> _What this task involves_: The material below is to be copied exactly from the line with "Pour annuler une" up to and including the line with "Rilo Collar Shirt", with nothing else kept and no pictures.

== Segment start ==

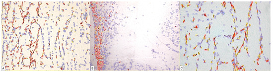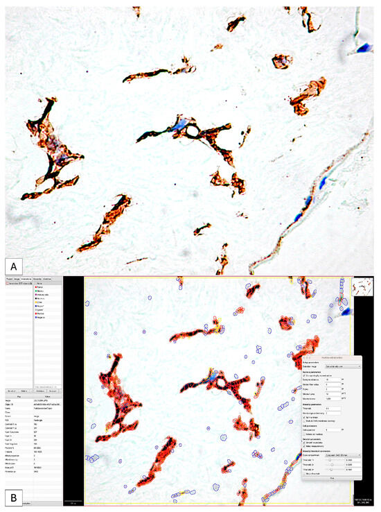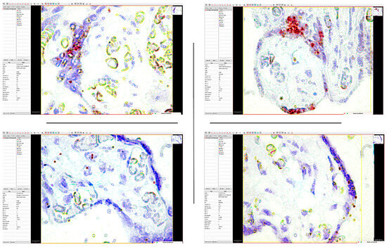 IHC-stained slides were scanned using a Grundium OCUS 20 microscope (Grundium, Tampere, Finland) and stored in the Case Center Slide Library as svs. files (3DHistech, Budapest, Hungary). A project was created by importing all the D2-40-colored slides to Qu Path Image Analysis System version 0.4.3 [19], an open-source platform for microscopic slide bioimage analysis, where they were examined using integrated software and additional programs. In short, we selected three to five regions of interest (ROIs) from the tumor stroma using the instruments in the toolbar that gave us the most accurate delimitation of placental and umbilical cord areas that contained PDPN+ cells. The analysis then proceeded with the detection of the cell by choosing a positive cell detection option and setting cell parameters and intensity parameters. The detection image was set for a sum of optical density with a requested pixel size of 0.5 μm and a cell expansion of 1.988 μm, excluding the nucleus. The intensity threshold parameters comprised the overall score and the three threshold levels assessed as low (+1, highlighted in yellow), moderate (+2, highlighted in orange) and high (+3, highlighted in red), with all cells selected in blue considered negative. During the automatic score assessment, the Qu Path software version 0.4.3 offered us the number of cells, the density score and the intensity score separately and also a combined stromal score (SS, like the Allred score, combining the intensity and density of detected PDPN+ cells and PDPN_mRNA brown-stained dots). Also, an H score was included in the final assessment performed by Qu Path analysis, representing the histological score.
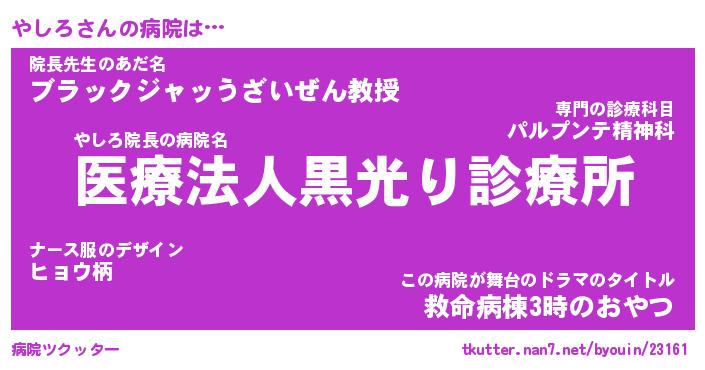 | ヒーロー風カッコイイあだ名 | 『スーパーヤシロ』『ウルトラやしろマン』 |
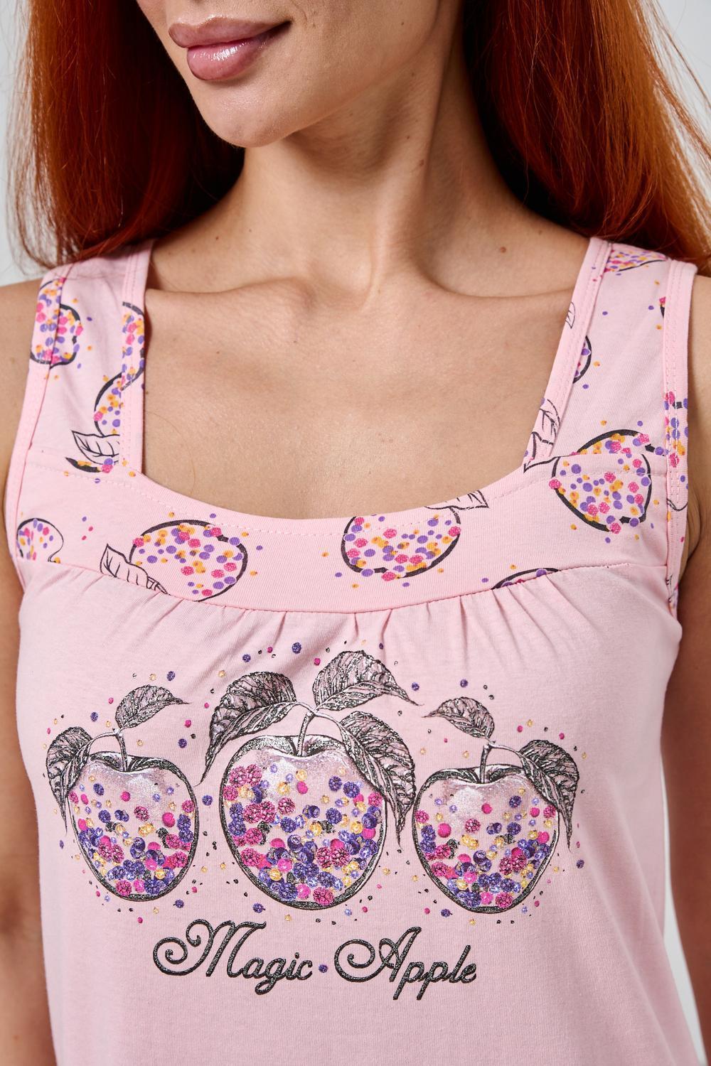 Лёгкая сорочка на бретелях, спинка цельнокроеная. Использованы ткани-компаньоны. Принт - три яблочка, полноцветная печать
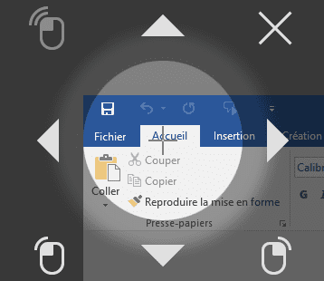Pour annuler une interaction de la souris après l’avoir sélectionnée, regarder en dehors de l’écran puis revenir à la barre de menu.
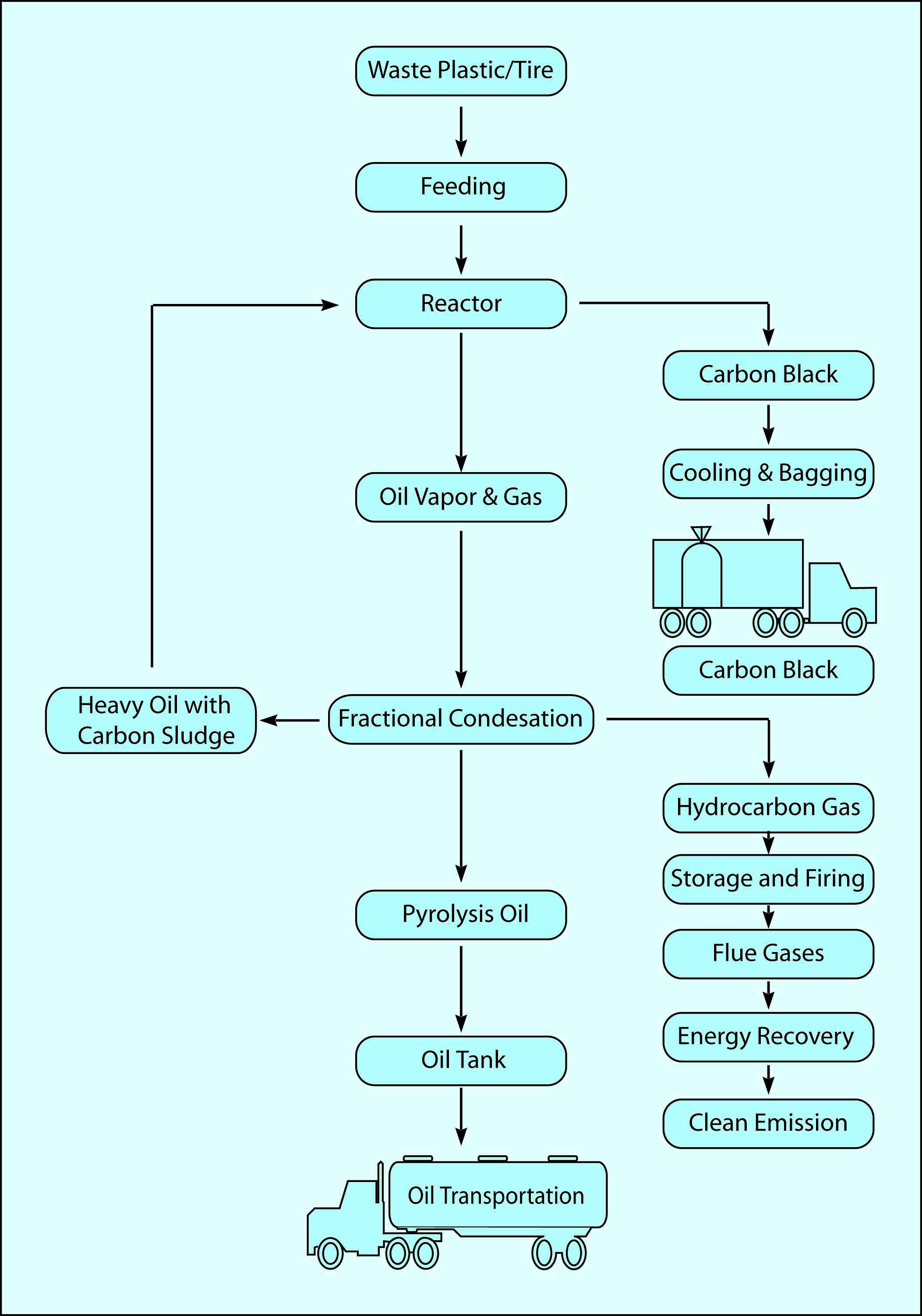 Main solids are carbon black and steel wire. Carbon black will be automatically sent out from tap hole to carbon black recovery hopper for bagging to send out Brick field as fuel.
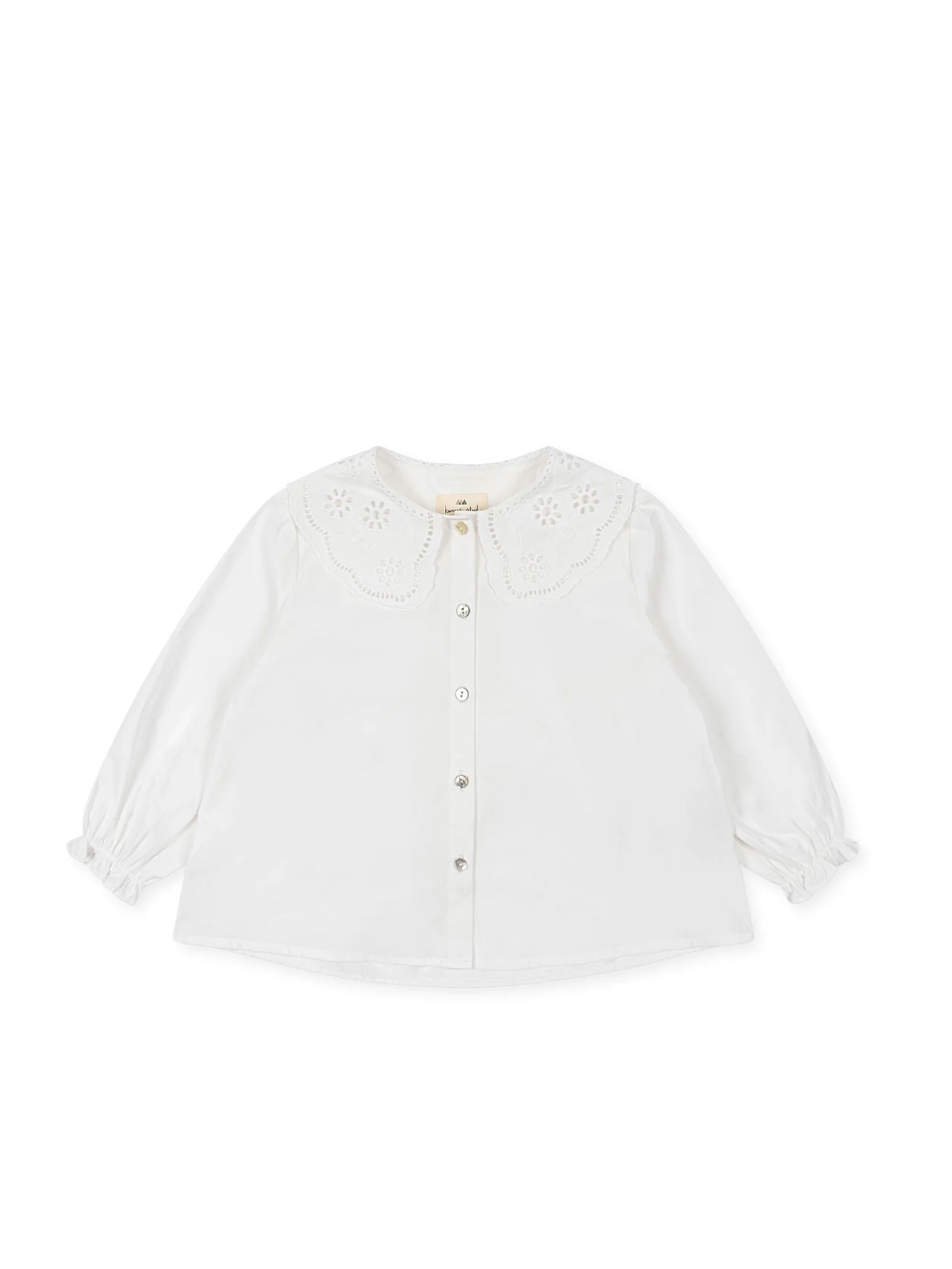 Rilo Collar Shirt in Optic White from Konges Sløjd. Made from organic cotton with a classic collar detail. Soft, breathable, and perfect for both everyday wear and special occasions.
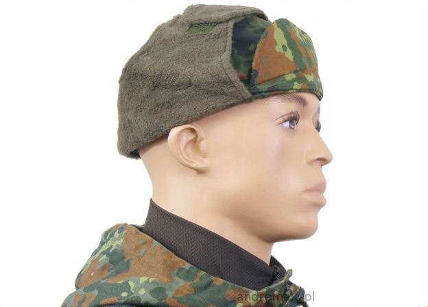 Запрошую придбати теплу осінньо-зимову шапку BUNDESWEHRY у камуфляжі Flecktarn. Залежно від погодних умов ми можемо носити шапку як звичайну теплу зимову шапку або, розгорнувши козирок і відкинувши вушанки, як перехідну осінньо-зимову шапку.
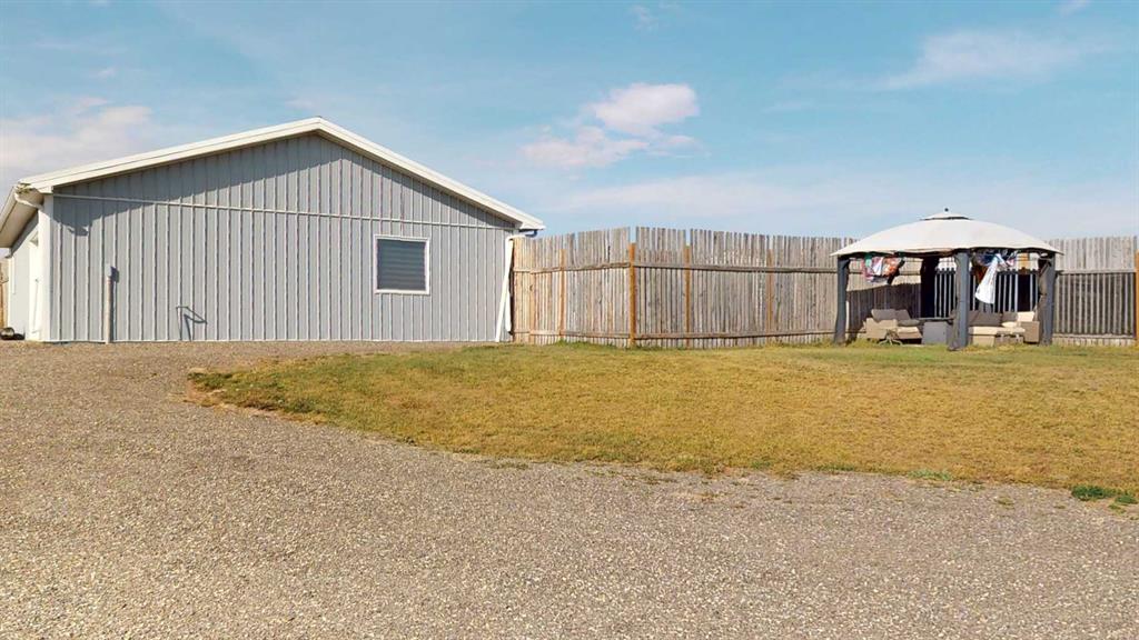 **This Acreage has Plenty to offer.** Highway 564 W - direct route to Calgary Airport**. Privacy Fence and the home was moved from Calgary onto new foundation built by Heritage Concrete in 2019. Home has all new windows and original hard wood flooring, new siding. Newer Gas Stove in Kitchen. Secondary building with Heated Garage is a separate building with a illegal suited living quarters built on Slab in 2019 and a fenced private yard. HEATED GARAGE: (17 '1" x 30'11") 553 sq ft. ILLEGAL SUITE: 683 sq ft. There is a Privacy fencing with many gates on the North East and West side of property. The whole acreage can't be seen from main road as it gently sloped to give natural shelter from the wind. Nicely Treed and has a sound Berm on West/North end of property. Room for animals to be pastured. Services for Sewer, water and Electric beside main dwelling potential for large Garage or even a Shouse or Shop. Yard is gravelled and nicely designed for circle driveway ample parking and accessibility. Water Well produces 12 GPM. New Basement Foundation on Main House has 12 ft ceilings and roughed in plumbing for a kitchen and bathrooms. Basement is a blank slate for you to develop another private Living quarters. Raised Bungalow and high ceiling with lots of windows doesn't feel like a basement - feels warm and cozy. Services for another building beside main house all in place. Two = Septic tanks perfect for multiple families. MAIN HOUSE with basement: 2145 sq ft of living space. Back of home private access to main floor and basement. Located just off pavement RR 253 and 30+ mins to Airport and Calgary. Nearest town Strathmore. 10x12 Greenhouse, 10 x 10 Gazebo, black shed 7.5x6, Shed 10.5 x 8. Virtual Tours x two on this listing, check out the 360 views and there is a button to de-furnish the rooms, garage and basement. What would you do with this property?

== Segment end ==

> _Written response_:
Pour annuler une interaction de la souris après l’avoir sélectionnée, regarder en dehors de l’écran puis revenir à la barre de menu.
 Main solids are carbon black and steel wire. Carbon black will be automatically sent out from tap hole to carbon black recovery hopper for bagging to send out Brick field as fuel.
 Rilo Collar Shirt in Optic White from Konges Sløjd. Made from organic cotton with a classic collar detail. Soft, breathable, and perfect for both everyday wear and special occasions.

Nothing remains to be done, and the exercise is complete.